This Note may be prepaid, at any time and from time to time, in whole or
in part, without penalty or premium. Any prepayment shall include accrued and
unpaid interest to the date of prepayment on the amount prepaid. All payments
shall be made directly to the RGS in immediately available funds.
As security for the amounts due under this Note, mHL pledges and grants
to RGS a security interest in the Fixed Assets and Inventory purchased by mHL
from Alcatel Cable Systems, N.A. Such security is itemized in detail in the
Asset Purchase Agreement signed by mHL and Alcatel.
In the event that RGS uses his own or an outside attorney to construe,
interpret, or enforce any of the provisions of this Note or take any action in
any bankruptcy, insolvency or similar proceeding affecting creditors' rights
generally (including, without limitation, prosecution of a motion for relief
from stay, proposal of a Chapter 11 plan, objection to a disclosure statement or
a Chapter 11 or 13 plan, or objection to proposed use, sale or lease of
property) or in mediation or arbitration, RGS shall be entitled to recover from
mHL its reasonable attorney fees and other costs incurred regardless of whether
any legal proceeding is commenced. If any legal action, arbitration or other
proceeding is brought, the prevailing party shall be entitled to recover its
reasonable attorney fees and other costs incurred in connection therewith, both
at trial and on any appeal therefrom or petitions for review thereof.

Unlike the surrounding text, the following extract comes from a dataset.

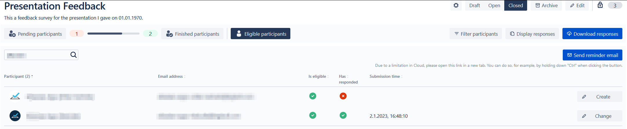Click on “Create“ or “Change“ dependent of whether the participant has already responded.

All parties to this Note hereby waive presentment, dishonor, notice of
dishonor, and protest. All parties to this Note hereby consent to, and the
holder of this Note is hereby expressly authorized to make, without notice, any
and all renewals, extensions, modifications or waivers of the time for or the
terms of payment of any sum or sums due under this Note, or under any documents
or instruments relating to or securing this Note, or the performance of any
covenants, conditions or agreements hereof or thereof, or the taking or release
of collateral securing this Note. The liability of all parties on this Note
shall not be discharged by any action consented to above taken by any holder of
this Note.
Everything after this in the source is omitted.